Reputation: 1045
According to C11 § 6.5.2.3
Accessing a member of an atomic structure or union object results
in undefined behavior.
This makes sense since you cannot access a whole structure in general. Still why is _Atomic
then also a type qualifier and not only a type specifier?
In other words what is the purpose of a structure which is qualified as _Atomic
? I'm not allowed to either read or write to any element of it.
#include <stdatomic.h>
struct {
int x;
} _Atomic foo;
int main(void) {
foo.x = 42; // write error
return foo.x; // read error
}
Both accesses of foo.x
result in a warning/error in GCC/Clang---which is perfectly fine w.r.t. the C11 standard. Why would I want to qualifier then a structure as _Atomic
?
Upvotes: 4
Views: 1025
Reputation: 78923
You can not access individual members, but always the structure as a whole. Accessing parts of something that is meant to be an atomic unit, makes not much sense, I think.
A typical use case for an atomic structure is the combination of two pointers, e.g. the head and tail of a list. To manipulate such a struct
you would have to copy the current value from the atomic to a temporary, modify that, and then copy back. By that you'd always have a guarantee that the stored value is consistent at any time.

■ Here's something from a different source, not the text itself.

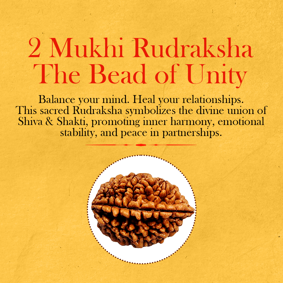 Rudraksha originated from the tears of Lord Shiva. 2 Mukhi Rudraksha is specially blessed by Ardhanarishvara, the combined form of Shiva and Parvati, symbolizing the perfect union of male and female energies. This duality is reflected in the two Mukhi (faces) of the Rudraksha, which represent harmony and balance.

Per default all such operations on a whole atomic struct
have sequential consistency.
Upvotes: 3
Reputation: 81179
Some implementations might be able to guarantee atomic behavior for structures meeting certain criteria. I don't know whether any implementations that did so actually existed before the publication of the C11 Standard, but it would certainly seems plausible. If an implementation usefully supported such structures, it would have been rather annoying for the Standard to demand that they be treated as a constraint violation.
It would have been helpful if the Standard mandated, or at least suggested, that implementations treat as constraint violations any attempts to define atomic structures for which they cannot offer proper semantics, but for whatever reason the authors of the Standard seem extremely loath to recognize a category of programs that would be rejected by some implementations but have defined behavior on implementations that don't reject it. A good standard should seek to maximize the number of useful programs that would fall into that category, but the Standard instead tends to regard constructs which some implementations will support and others won't as Undefined Behavior, letting implementations support them or not at their leisure, but not offering any safe way to determine whether they are supported.